Carbon Trade Ends on Quiet Death of Chicago Climate Exchange

By John O’Sullivan

Republican mid-term election joy deals financial uncertainty among green investors as the Chicago Climate Exchange announces the end of U.S. carbon trading.

The Chicago Climate Exchange (CCX) announced on October 21, 2010 that it will cease carbon trading this year. However, Steve Milloy reporting on Pajamasmedia.com (November 6, 2010) finds this huge story strangely unreported by the mainstream media.

To some key analysts the collapse of the CCX appears to show that international carbon trading is “dying a quiet death.” Yet Milloy finds that such a major business failure has drawn no interest at all from the mainstream media. Milloy noted that a “Nexis search conducted a week after CCX’s announcement revealed no news articles published about its demise.”

Not until November 02, 2010 had the story even been picked up briefly and that was by Chicagobusiness.com (Crain’s). Reporter, Paul Merrion appeared to find some comfort that while CCX will cease all trading of new emission allowances at the end of the year, “it will continue trading carbon offsets generated by projects that consume greenhouse gases, such as planting trees.”
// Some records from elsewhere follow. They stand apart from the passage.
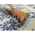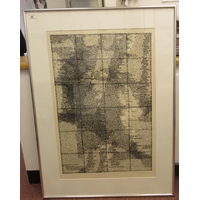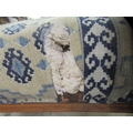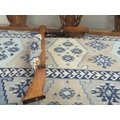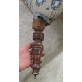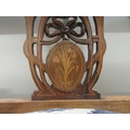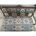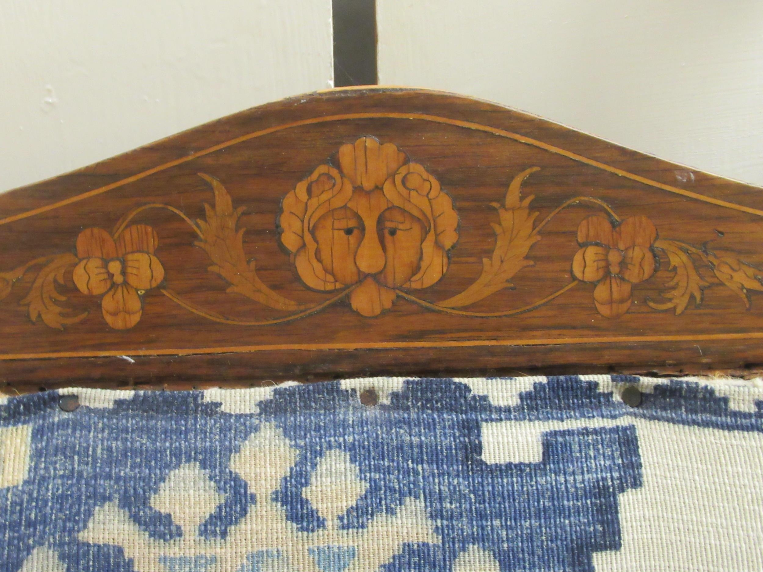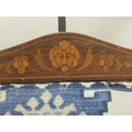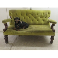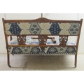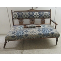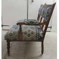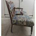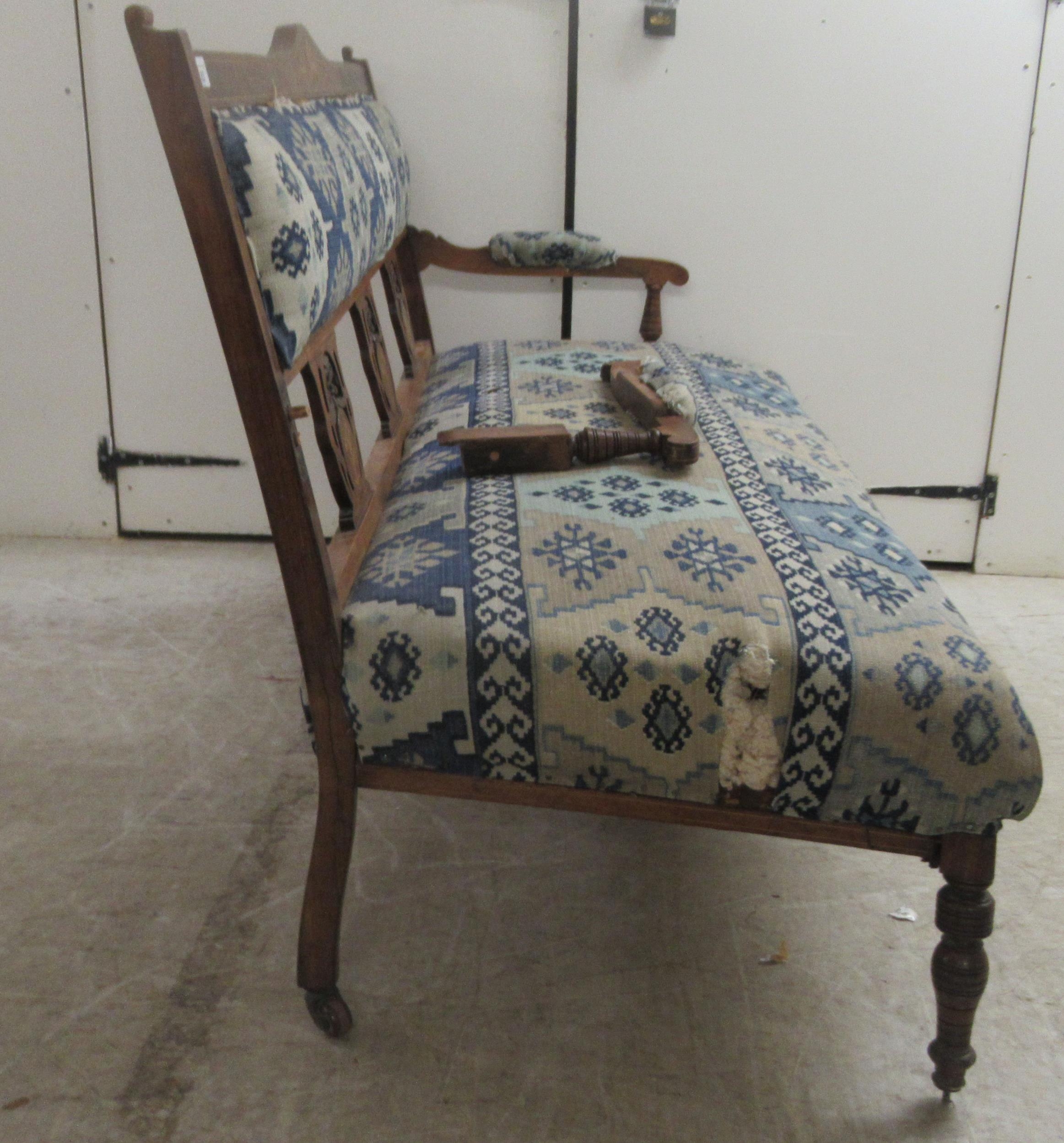 An Edwardian mahogany showwood framed three person settee, the later stylised patterned fabric upholstered back, arms and seats raised on turned forelegs and casters 54"w
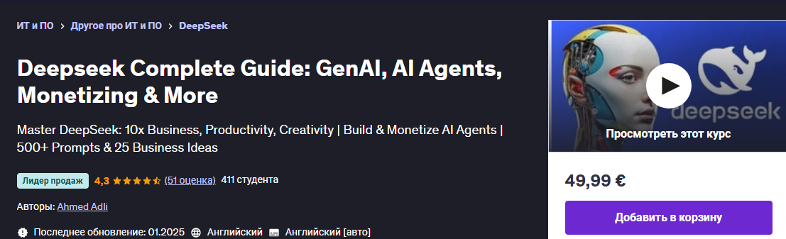 [Ahmed Adli] [Udemy] Полное руководство по Deepseek: GenAI, ИИ-агенты, монетизация (2025)
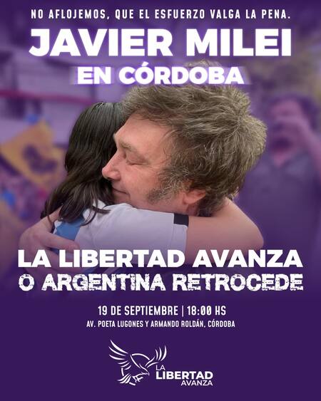 “Nos vemos en Córdoba. No aflojemos. Que el esfuerzo valga la pena. La Libertad Avanza o Argentina retrocede”, compartió el presidente en sus redes sociales para confirmar su presencia en la provincia gobernada por Martín Llaryora.
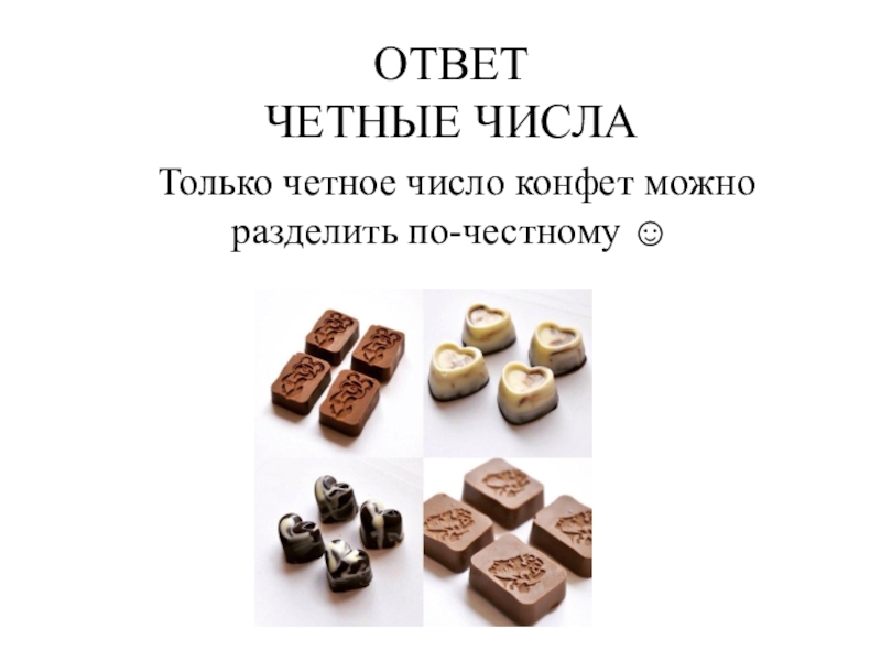предлагает каждому из детей поделить конфеты с соседом поровну.
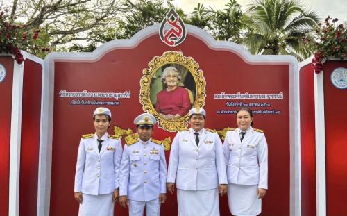 ในการนี้ สำนักงานพัฒนาชุมชนจังหวัดตรัง โดยนางสาวนวภัทร หอมหวล พัฒนาการจังหวัดตรัง มอบหมายให้ นางสาวปิ่นปินัทธ์ รักสกุล นักวิชาการพัฒนาชุมชนชำนาญการพิเศษ ผู้ช่วยผู้อำนวยการกลุ่มงานส่งเสริมการพัฒนาชุมชน นำบุคลากรสำนักงานพัฒนาชุมชนจังหวัดตรัง เข้าร่วมพิธี สมเด็จพระศรีนครินทราบรมราชชนนี หรือ “ สมเด็จย่า ” ผู้ทรงงานเพื่อปวงชนชาวไทย ทรงอุทิศพระองค์เพื่อช่วยเหลือราษฎร โดยเฉพาะด้านสุขภาพอนามัย ทรงเล็งเห็นถึงปัญหาต่าง ๆ ด้านสาธารณสุขในท้องถิ่นทุรกันดาร ทั้งในด้านการส่งเสริมสุขภาพอนามัย การป้องกันการเจ็บป่วย การรักษาและการฟื้นฟูสมรรถภาพร่างกายของเด็ก ผู้สูงอายุ ตลอดจนประชาชนทั่วไป ทรงพระราชทานพระราชานุเคราะห์แก่มูลนิธิ และองค์กรการกุศลต่าง ๆ มาโดยตลอด ด้วยทรงมีพระราชปณิธานและพระราชหฤทัยอันแน่วแน่ในการช่วยเหลือประชาชนให้พ้นทุกข์ ทรงริเริ่มโครงการบริการสาธารณสุขที่เอื้อประโยชน์ต่อประชาชน
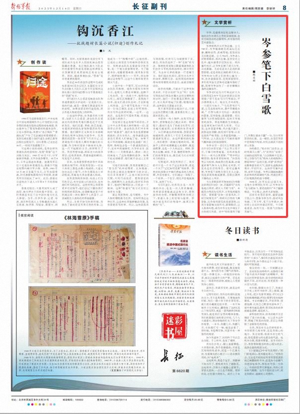 回首历史苍茫春秋,遥望边疆万里山川,想象岑参当年,面对风急雪阔、三军大呼,笔下白雪黄沙,映衬将士出征时的豪迈肝胆。今日捧卷重读,依然可见一股荡气回肠的英雄气。
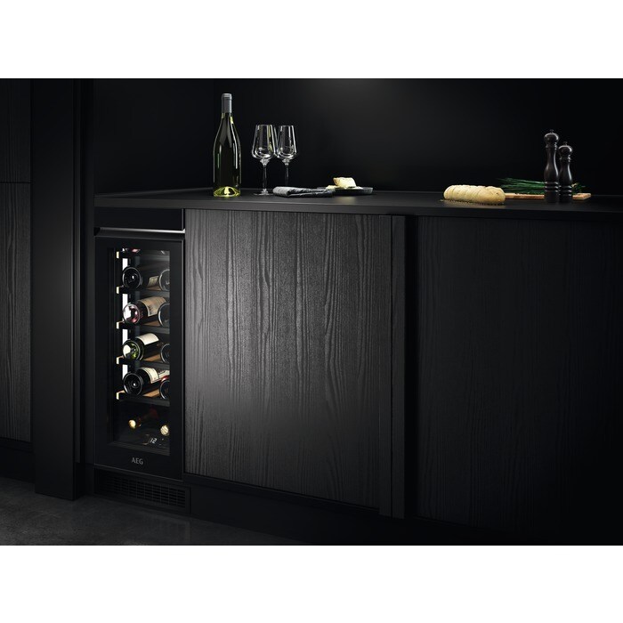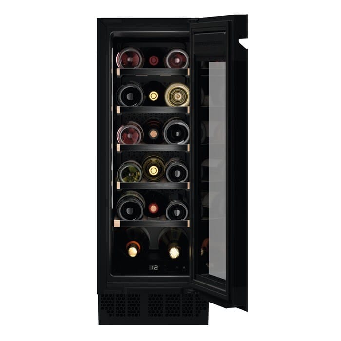 Vinskap, Innebygd/Under benk, 18 flasker (lett tilgang til 16 flasker), G, C-støy, Elektronisk kontroll, Singel temp.sone, +5 til +20°C, Innvendig side LED-lys, UV-bestandig glassdør, 5 hyller (4 på skinner), HxBxD: 818x295x573, BI mål HxBxD: 820-870x300x560 mm
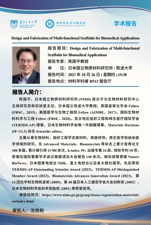 陈国平,日本国立物质材料研究所(NIMS)高分子与生物材料研究中心主席研究员和实验室主任,日本国立筑波大学教授。1997年博士毕业于京都大学材料化学系高分子生物材料专业,随后开展博士后研究。2000年加入日本国立产业技术综合研究所组织工程学研究中心担任研究员,并于2003年升任主任研究员。2004年加入NIMS生物材料研究中心,2007年升任为课题组组长,2011年至2017年担任NIMS国际纳米结构材料研究基地(MANA)首席研究员(PI)和组织工程学材料研究中心主任。2013年起兼任筑波大学物质材料工学系教授。2015年入选英国皇家化学会Fellow (FRSC),2017年当选美国医学与生物工程院Fellow (AIMBE),2020年当选国际生物材料科学与工程Fellow (FBSE)。同时担任亚太地区组织工程和再生医疗国际学会(TERMIS-AP)理事,日本生物材料学会唯一外国籍理事,Materials Horizons (IF=13.3)杂志Scientific editor,多部期刊的编委和顾问编委,日本新能源和发展机(NEDO)的重大研究课题评议和日本国家自然科学基金等项目评审专家。先后荣获TERMIS-AP Outstanding Scientist Award (2023)、TERMIS-AP Distinguished Member Award (2023)、Biomaterials Advances Innovation Award (2023)、第13回化学和生物筑波奖(2005)、第40届日本人工器官学会大会创新奖(2002)、日本生物材料学会科学奖励奖(2001)。
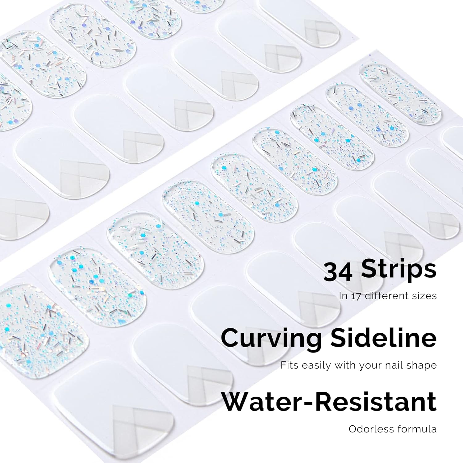 - ăWHAT YOU GETă34 Pieces gel polish strips in 17 sizes, 2 prep pads, 1 nail file, and 1 wooden stick. -Our semi cured nail strips are free from toxic, animal-derived, or harmful ingredients and are vegan, safe to use, and odorless. A perfect cost & time-saving DIY manicure kit.
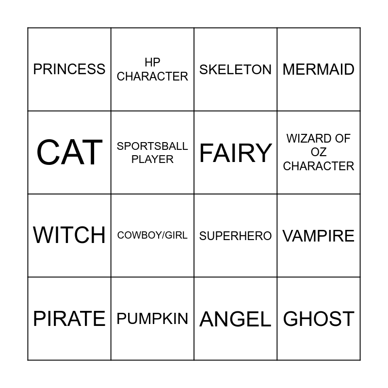 This bingo card has 16 words: PUMPKIN, VAMPIRE, SKELETON, PRINCESS, WITCH, HP CHARACTER, SUPERHERO, ANGEL, CAT, SPORTSBALL PLAYER, PIRATE, MERMAID, COWBOY/GIRL, WIZARD OF OZ CHARACTER, FAIRY and GHOST.
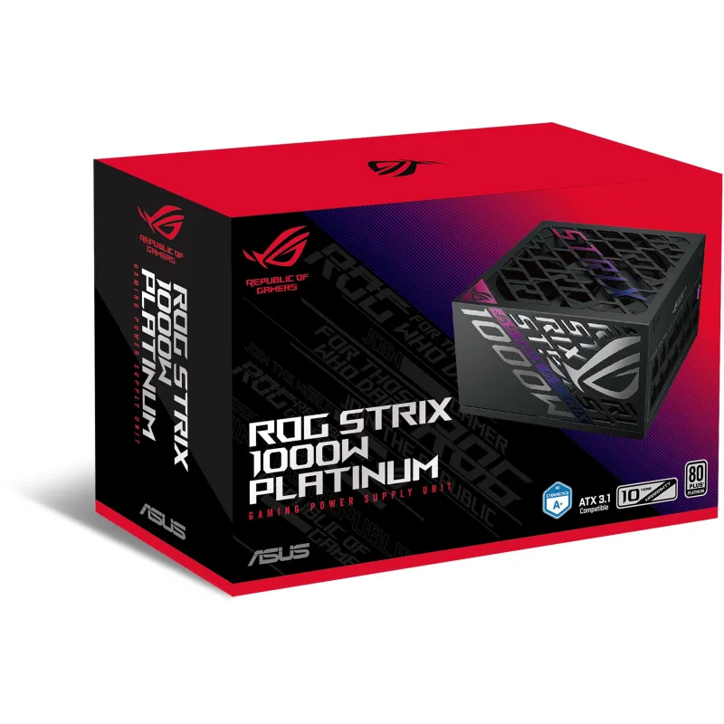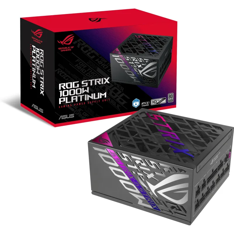Fuente de Alimentación Asus ROG STRIX 1000W Platinum con certificación 80 PLUS Platinum, fuente de alimentación ATX 1000 W y con protección avanzada

Collapse is Personal Setback for U.S. President

Barack Obama was a board member of the Joyce Foundation that funded the fledgling CCX. Professor Richard Sandor, of Northwestern University had started the business with $1.1 million in grants from the Chicago-based left-wing Joyce Foundation enthusiastically endorsed by Obama. When founded in November 2000, CCX’s carbon trading market was predicted to grow anywhere between $500 billion and $10 trillion. Fortunately before its collapse Sandor was able to net $98.5 million for his 16.5% stake when CCX was sold.

Failure of European Climate Market May Follow

Milloy writes, “although the trading in carbon emissions credits was voluntary, the CCX was intended to be the hub of the mandatory carbon trading established by a cap-and-trade law. Trading carbon was, the only purpose for which it was founded.” But with their resurgence after the mid-terms the Republicans have now put a new cohort of global warming skeptics into the corridors of power.

Unlike the American voluntary scheme, the European cousin of the CCX, the European Climate Exchange (ECX), continues to trade due to the mandatory carbon caps of the Kyoto Protocol. But the future of the ECX will be in doubt unless a new climate treaty to replace the Kyoto Protocol is introduced. That treaty expires in 2012. But the ineffectual Copenhagen Climate Conference (2009) exposed an inability among international politicians to agree on climate change. If this stalement persists then the European ECX may likely suffer the same fate as Chicago’s CCX.